Input Parameter File Description

The input parameter file consists of 5 sections. These are

1. the global (simulation control) parameters,
2. the tube description,
3. npiston sets of piston parameters (numbered 0 through npiston - 1),
4. ndiaphragm sets of diaphragm parameters, and
5. nslug sets of gas-slug parameters.

Note that when several elements appear on a line, this document uses commas to delimit the elements. However, the actual parameter file uses white space as the delimiter.
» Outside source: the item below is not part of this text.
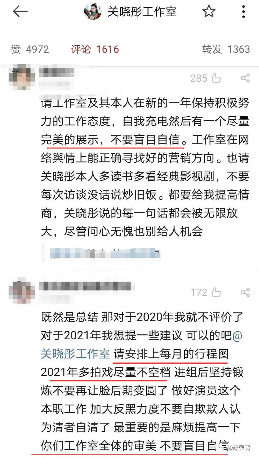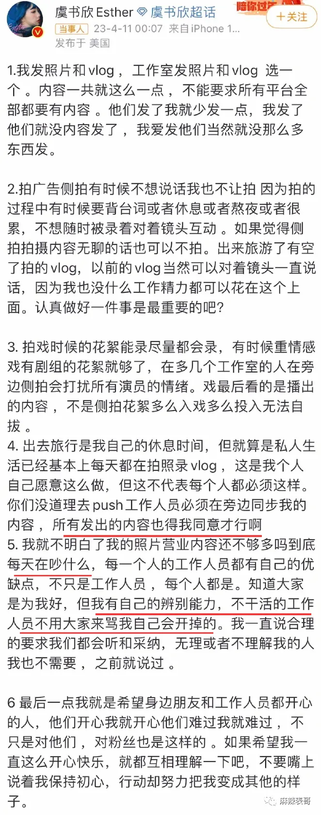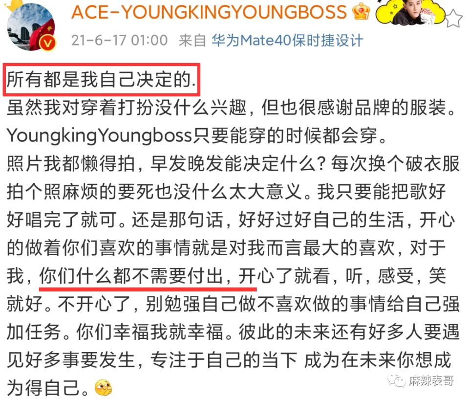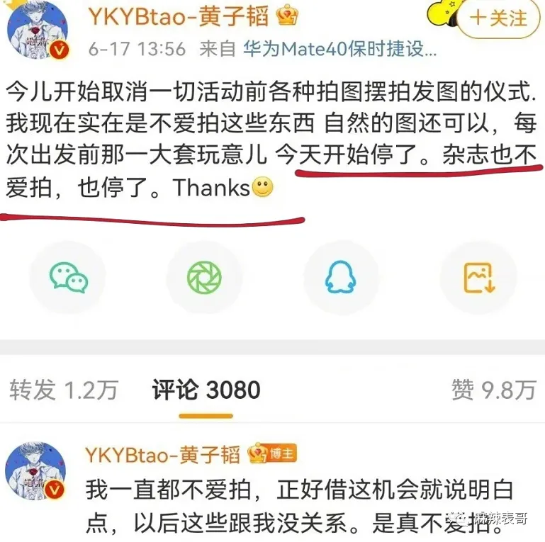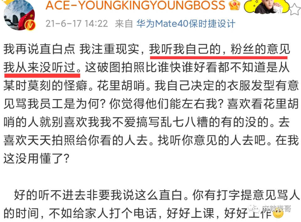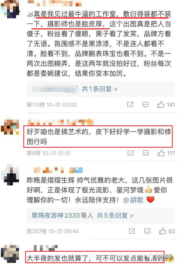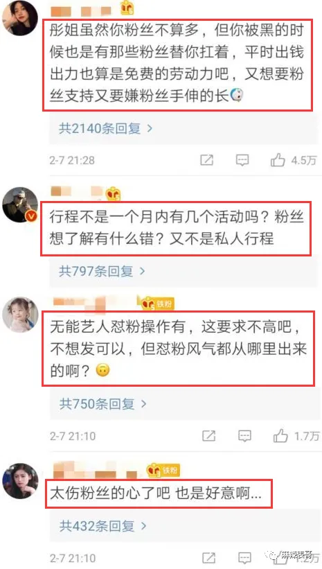 内娱艺人和粉丝之间的关系大噶?鲱难处置处罚的。远比艺人和经纪人,艺人和吃瓜群众之间来得更玄妙更复杂。怎么说呢?就是近之则不逊,远之则怨,多一分少一分都欠好搞。迩来,虞书欣给本身放了个假,出国旅游。 去了韩国。 去了美国。 出国度假固然没什么好说的,重要是她出去一趟,就失事了。 虞书欣这边忙着玩耍,粉丝那里忙着变脸。在虞书欣微博底下各种亲亲抱抱,彩虹屁满天飞。 到工作室底下,又是另一种态度。 颐气挑拨,阴阳怪气,吩咐工作室赶紧起来干活,发虞书欣的物料。 我翻了翻日历,4月8日那天是星期六。 好家伙,如今全网都在反对996,为反抗996做出各种哗闹,结果虞书欣粉丝在工作室面前耀武扬威玩一把资源的feel。固然了,称粉丝为资源还不敷准确。更准确的说,他们像是古装电视剧里大户人家的管家,对主子谄媚至极,对下人没个好脸。 然后很快,管家就被主子打脸了。 虞书欣回应,写了一二三四五六条。 划重点:全部发出的内容得虞书欣同意才行,不干活的职员不消粉丝骂,她本身会开除。 说直白点就是指粉丝多管闲事,艺人就是工作室的老板,工作室干啥不干啥都有老板来安排。 而说到这,我就想到一件事。 之前虞书欣走红毯,媒体出图是如许↓ 工作室出图是如许↓ 当时也有很多粉丝对工作室的图表现不满,说修得不像本人,如今来看这图应该是颠末虞书欣同意了吧? 固然,粉丝大概没想这么多。好的都是自家爱豆,欠好的都是工作室的错。即便虞书欣了局写了几百个字回应,粉丝仍旧嘤嘤嘤,秒变苦口婆心的老妈子,操碎了心要给虞书欣把关工作室。 咱就是说,粉丝难,艺人工作室的工作职员更难。粉丝费钱打投,费钱买代言,做数据,的简直确算是小份额的投资人,但工作室的工作职员壹泵η打工人,何苦什么锅都要打工人来背呢?而艺人怼粉这种事,不是第一次,早有先例在前。 之前,胡歌工作室发了四张胡歌的运动图。 粉丝看了后特别不爽。犹如观察的领导,一通点评,说工作室不可,照相师不可,修图师不可。 然后胡歌就了局了。说图是本身选的。 说照相师也很无奈。每次都背着相机来,一脸无奈归去。 胡歌这么一说,粉丝还敢骂?那一定是不敢。 比胡歌更护短的是杨洋。早前杨洋拍了一组图。 粉丝也很不满足。但他们不敢直接说杨洋,于是跑去diss杨洋的扮装师。然后杨洋就回:要不你来给我化?护得非常不客气。 暴性情的关晓彤比杨洋更暴。 大过年的,关晓彤工作室发了关晓彤这一年的总结。 然后粉丝就来提发起了。让他们进步审美,不要盲目自负,还要安排每月的行程图。 工作室说不发行程图,谢谢发起。 大概这句话惹恼了粉丝,厥后事就闹大了。 末了关晓彤了局回应。同样给工作室撑腰,渴望粉丝不要再给工作室添堵。 这一通怼,让粉丝大为伤心。纷纷感叹美意被伤害。 关粉有一句话没错,手伸太长简直讨厌,但公道的发起,艺人还怼的话就是美意当成驴肝肺。这句话很实用一批艺人。 比如娜扎。 曾有粉丝在本身微博许愿,愿娜扎早早进组。然后被娜扎怼了。 又有粉丝许愿,渴望娜扎搭戏的都是粉丝不作妖,正主帅气的大帅哥。又被娜扎给怼了。 大概娜扎是和陈乔恩取的经。 之前陈乔恩有一个铁粉在本身微博发表了对陈乔恩奇迹的见解,说陈乔恩不要乱接一些戏,多开辟开辟本身的戏路。 这段话被陈乔恩看到了。陈乔恩一顿输出,把粉丝给怼了归去。 固然粉丝话说得有点硬,但简直是理智奇迹粉啊,陈乔恩就算有本身的规划,不附和粉丝见解,也用不着亲身了局怼。毕竟艺人和粉丝声量完全不一样,很大概让粉丝被其他粉网暴。 固然,她没有江疏影绝。粉丝催江疏影进组,江疏影回了句“嘻嘻”。 配图是如许的↓ 一脚踢飞,老娘就是不进组,嘻嘻。 我要是她的粉,我一口老血喷到长城。 无所谓粉丝,直接硬刚的,还算是我行我素,离不开粉丝又嫌粉丝贫苦的,那就很纠结,也很尴尬。 比如黄子韬。 有粉丝发起黄子韬在运动前拍一些图,一开始黄子韬说全部都是本身决定,粉丝什么都不必要付出。 厥后直接生气,说杂志不拍了。 嗯,只听本身的,粉丝意见从来没听过。 牛掰哄哄的。把粉丝气惨了,厥后粉丝叫他驱逐后盾会,他驱逐了吗?没有。由于要用到粉丝的时间,他还是要用到。 出歌,粉丝要支持。 数据,粉丝也要做。 直播,粉丝也不能缺席。 真是用人朝前,不消人朝后。 想要流量又受流量拘束之苦的,尚有杨紫。早前,杨紫还没因《香蜜》而大红成为流量时,还在演《高兴颂》里的邱莹莹。 当时她就很倾慕有粉丝接机。 以致她有一个小号。 杨紫用这个小号出钱集资让粉丝探班。 可见,对于流量的倾慕。 但一旦成为流量,粉越来越多后,免不了就会受到粉丝的管辖。厥后杨紫和秦好汉谈爱情,隔三差五秀恩爱,大概空降秦好汉粉丝群,大概半夜晒合照。 粉丝本就对这段恋情不满足,看到频仍秀恩爱后就更不高兴。此中有一些品评过激的。 这事大概简直刺激了杨紫,她厥后怼了一天的粉。那叫一个失去理智。 说粉丝是母猪。 说不必要粉丝叫苦叫累外加伤害她身边人。 叫赶紧走赶紧走,别打着爱的名义来伤害。 总之,那一次是豪情输出了一整天,完全岑寂不下来。 那一战,杨紫应该丧失了不少粉丝。 但2018年《香蜜》一播出,丧失的粉丝数目又超量补了返来。但说来说去,圈内没有谁能有杨逾越会PUA粉丝啦。 杨逾越做直播,教粉

When running l1d.exe, these input parameters are read first, followed by a previously generated solution (from l_prep.exe or l1d.exe). In the process of reading this previous solution, some of the parameters (such as piston status flags) are set to the solution values. This facilitates the restarting of the calculation from any previously generated solution without having to change the parameter file.

Global Parameter Block

Line 1: title_string

Title line consisting of (up to) 132 characters. With the changes to the input parameter file, this line must now start with the correct version identifier string. Currently, this string should be #L1d-3.0

Line 2: case_id, gas_index, fr_chem

The integer value for case_id is used within the program to select special-purpose code for specific simulations. This identifier will be less used now that most of the configuration information is entered via the input-parameter file.
Mostly, this value should be left as 0.
gas_index selects the thermo-chemical model (which, in turn, sets the number of species). Look in the file gas.h for a current list of the gas models and their integer indices.
fr_chem=1 turns on the finite-rate chemistry update. A value of 0 leaves it inactive and is appropriate for both ideal-gas models and equilibrium-chemistry models. Use the finite-rate chemistry update with the perfect-gas-mix (22) thermo-chemistry model.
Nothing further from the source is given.